■ **Required action**:
Gather up every line from the entries below that uses the word "closure".

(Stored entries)

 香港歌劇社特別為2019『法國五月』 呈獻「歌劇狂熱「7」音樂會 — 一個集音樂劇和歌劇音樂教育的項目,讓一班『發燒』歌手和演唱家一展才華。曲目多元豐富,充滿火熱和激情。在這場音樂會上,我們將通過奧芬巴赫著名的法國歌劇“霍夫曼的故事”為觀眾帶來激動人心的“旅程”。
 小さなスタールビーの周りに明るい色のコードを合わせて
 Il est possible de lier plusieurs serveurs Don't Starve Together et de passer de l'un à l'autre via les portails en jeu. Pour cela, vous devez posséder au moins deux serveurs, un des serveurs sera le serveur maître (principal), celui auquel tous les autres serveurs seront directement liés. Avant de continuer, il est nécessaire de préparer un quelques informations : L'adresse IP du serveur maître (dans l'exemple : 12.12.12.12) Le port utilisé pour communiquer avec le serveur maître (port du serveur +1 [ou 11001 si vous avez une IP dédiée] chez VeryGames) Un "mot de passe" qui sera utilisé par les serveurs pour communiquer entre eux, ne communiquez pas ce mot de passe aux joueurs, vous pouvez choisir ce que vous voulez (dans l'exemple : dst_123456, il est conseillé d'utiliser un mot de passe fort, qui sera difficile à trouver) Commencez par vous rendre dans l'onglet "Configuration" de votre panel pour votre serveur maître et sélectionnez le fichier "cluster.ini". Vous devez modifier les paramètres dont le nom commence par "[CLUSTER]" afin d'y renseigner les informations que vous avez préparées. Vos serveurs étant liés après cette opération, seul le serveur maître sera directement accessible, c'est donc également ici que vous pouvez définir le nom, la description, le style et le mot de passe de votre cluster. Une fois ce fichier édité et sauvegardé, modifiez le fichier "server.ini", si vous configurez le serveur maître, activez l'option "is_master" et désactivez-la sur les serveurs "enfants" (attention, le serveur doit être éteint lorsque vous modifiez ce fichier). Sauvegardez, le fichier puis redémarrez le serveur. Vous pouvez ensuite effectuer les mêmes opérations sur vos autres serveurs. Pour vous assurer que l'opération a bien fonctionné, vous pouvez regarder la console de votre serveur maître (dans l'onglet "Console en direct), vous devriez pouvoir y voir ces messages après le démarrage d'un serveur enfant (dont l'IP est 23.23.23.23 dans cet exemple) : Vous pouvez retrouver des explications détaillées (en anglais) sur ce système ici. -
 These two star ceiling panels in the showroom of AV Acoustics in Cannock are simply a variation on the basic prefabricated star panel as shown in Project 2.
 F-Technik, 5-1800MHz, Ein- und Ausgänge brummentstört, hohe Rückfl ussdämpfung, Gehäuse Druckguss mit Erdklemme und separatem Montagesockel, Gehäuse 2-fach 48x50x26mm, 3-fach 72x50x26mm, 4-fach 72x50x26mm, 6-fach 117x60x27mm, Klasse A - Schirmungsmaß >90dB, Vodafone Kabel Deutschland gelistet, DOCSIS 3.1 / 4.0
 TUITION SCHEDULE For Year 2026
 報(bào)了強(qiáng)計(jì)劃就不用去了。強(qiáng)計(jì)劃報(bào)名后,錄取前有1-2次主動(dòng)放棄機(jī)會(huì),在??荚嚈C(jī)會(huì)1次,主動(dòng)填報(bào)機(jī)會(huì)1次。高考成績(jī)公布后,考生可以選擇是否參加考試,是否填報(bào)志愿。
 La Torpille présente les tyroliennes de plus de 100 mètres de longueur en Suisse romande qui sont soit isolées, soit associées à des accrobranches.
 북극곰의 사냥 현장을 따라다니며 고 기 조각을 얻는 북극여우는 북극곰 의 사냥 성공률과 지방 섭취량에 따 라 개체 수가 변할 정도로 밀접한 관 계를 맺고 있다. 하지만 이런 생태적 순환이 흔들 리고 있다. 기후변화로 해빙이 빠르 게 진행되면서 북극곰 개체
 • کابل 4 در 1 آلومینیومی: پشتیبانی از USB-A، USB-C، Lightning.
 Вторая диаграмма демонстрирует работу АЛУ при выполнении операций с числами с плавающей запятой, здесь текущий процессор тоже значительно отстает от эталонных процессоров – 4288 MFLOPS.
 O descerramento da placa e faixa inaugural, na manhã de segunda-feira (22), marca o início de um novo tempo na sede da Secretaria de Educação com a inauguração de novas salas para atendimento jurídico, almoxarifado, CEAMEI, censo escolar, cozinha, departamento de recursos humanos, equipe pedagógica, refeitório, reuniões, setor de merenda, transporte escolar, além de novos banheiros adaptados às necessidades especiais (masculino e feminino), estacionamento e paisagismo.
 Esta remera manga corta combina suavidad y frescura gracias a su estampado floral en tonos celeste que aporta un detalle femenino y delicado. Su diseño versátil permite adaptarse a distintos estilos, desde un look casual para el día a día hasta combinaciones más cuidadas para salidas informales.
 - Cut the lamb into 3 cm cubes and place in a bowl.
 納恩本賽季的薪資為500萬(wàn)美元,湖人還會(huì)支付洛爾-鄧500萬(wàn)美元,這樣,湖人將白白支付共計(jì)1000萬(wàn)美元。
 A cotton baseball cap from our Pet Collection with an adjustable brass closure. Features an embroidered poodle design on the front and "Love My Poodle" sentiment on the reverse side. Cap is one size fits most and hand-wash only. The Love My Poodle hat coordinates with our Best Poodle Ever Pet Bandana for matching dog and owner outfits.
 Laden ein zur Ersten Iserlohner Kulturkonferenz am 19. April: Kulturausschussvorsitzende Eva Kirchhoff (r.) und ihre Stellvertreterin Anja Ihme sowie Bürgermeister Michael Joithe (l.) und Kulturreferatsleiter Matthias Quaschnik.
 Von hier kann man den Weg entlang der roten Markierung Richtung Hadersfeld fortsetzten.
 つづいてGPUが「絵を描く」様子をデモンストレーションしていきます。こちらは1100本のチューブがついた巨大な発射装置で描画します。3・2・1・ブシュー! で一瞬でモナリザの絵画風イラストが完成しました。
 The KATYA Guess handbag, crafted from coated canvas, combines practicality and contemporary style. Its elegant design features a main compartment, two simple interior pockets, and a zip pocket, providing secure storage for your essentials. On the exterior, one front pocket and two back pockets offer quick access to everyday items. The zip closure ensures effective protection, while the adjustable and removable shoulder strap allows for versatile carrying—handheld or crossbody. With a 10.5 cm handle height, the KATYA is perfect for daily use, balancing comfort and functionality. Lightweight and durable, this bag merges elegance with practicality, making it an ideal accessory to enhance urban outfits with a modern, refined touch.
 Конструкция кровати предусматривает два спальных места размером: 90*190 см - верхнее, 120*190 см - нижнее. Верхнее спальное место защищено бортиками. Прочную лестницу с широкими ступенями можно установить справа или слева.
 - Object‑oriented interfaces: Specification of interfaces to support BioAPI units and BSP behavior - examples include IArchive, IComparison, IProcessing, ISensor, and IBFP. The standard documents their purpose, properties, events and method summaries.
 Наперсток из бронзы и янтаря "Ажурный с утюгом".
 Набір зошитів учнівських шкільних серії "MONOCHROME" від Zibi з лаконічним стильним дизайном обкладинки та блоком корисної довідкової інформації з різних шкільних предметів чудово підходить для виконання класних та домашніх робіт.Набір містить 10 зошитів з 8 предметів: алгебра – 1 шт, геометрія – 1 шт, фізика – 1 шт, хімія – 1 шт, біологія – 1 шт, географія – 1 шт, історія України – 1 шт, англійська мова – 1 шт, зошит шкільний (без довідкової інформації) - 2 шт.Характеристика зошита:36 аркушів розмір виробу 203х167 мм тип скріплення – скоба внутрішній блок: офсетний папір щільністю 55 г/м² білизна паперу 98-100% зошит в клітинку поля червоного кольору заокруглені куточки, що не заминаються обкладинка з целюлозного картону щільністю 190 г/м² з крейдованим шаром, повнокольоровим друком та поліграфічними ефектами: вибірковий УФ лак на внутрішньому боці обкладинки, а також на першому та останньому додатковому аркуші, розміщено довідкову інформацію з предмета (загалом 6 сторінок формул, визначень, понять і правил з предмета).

■ **Problem solution**:
 A cotton baseball cap from our Pet Collection with an adjustable brass closure. Features an embroidered poodle design on the front and "Love My Poodle" sentiment on the reverse side. Cap is one size fits most and hand-wash only. The Love My Poodle hat coordinates with our Best Poodle Ever Pet Bandana for matching dog and owner outfits.
 The KATYA Guess handbag, crafted from coated canvas, combines practicality and contemporary style. Its elegant design features a main compartment, two simple interior pockets, and a zip pocket, providing secure storage for your essentials. On the exterior, one front pocket and two back pockets offer quick access to everyday items. The zip closure ensures effective protection, while the adjustable and removable shoulder strap allows for versatile carrying—handheld or crossbody. With a 10.5 cm handle height, the KATYA is perfect for daily use, balancing comfort and functionality. Lightweight and durable, this bag merges elegance with practicality, making it an ideal accessory to enhance urban outfits with a modern, refined touch.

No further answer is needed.